*EXERCISE*
Please repeat exactly the lines below from the line with "the modern style." to the line with "10月31日ご注文分より対象", including both, and leave out every picture.

*SUPPLIED DATA*
BEGIN
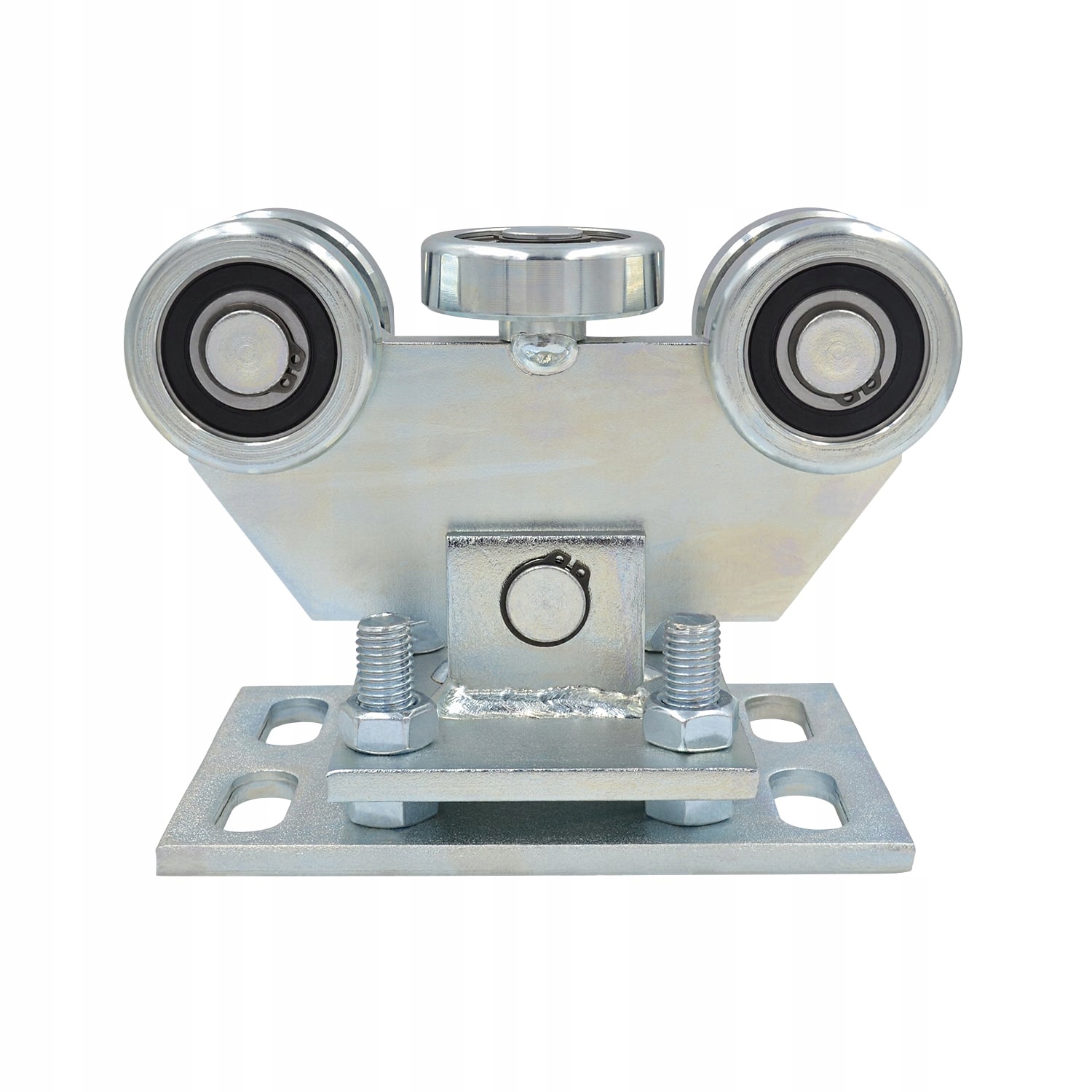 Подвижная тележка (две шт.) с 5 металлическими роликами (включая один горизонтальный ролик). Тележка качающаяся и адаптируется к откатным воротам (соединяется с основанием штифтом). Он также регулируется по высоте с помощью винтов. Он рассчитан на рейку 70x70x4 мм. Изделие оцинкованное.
END
BEGIN
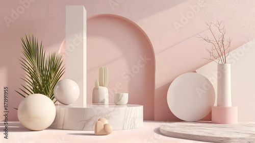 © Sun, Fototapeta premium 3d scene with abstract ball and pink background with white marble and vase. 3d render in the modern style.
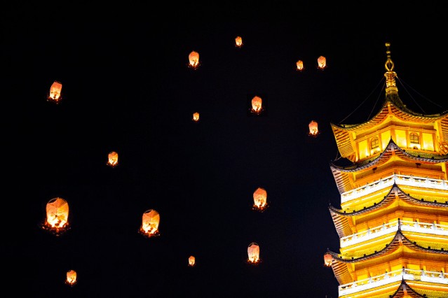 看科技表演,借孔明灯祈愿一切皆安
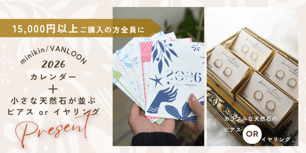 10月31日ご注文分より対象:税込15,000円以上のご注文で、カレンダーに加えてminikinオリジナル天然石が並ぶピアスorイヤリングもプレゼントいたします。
END
*ANSWER BELOW*
 © Sun, Fototapeta premium 3d scene with abstract ball and pink background with white marble and vase. 3d render in the modern style.
 看科技表演,借孔明灯祈愿一切皆安
 10月31日ご注文分より対象:税込15,000円以上のご注文で、カレンダーに加えてminikinオリジナル天然石が並ぶピアスorイヤリングもプレゼントいたします。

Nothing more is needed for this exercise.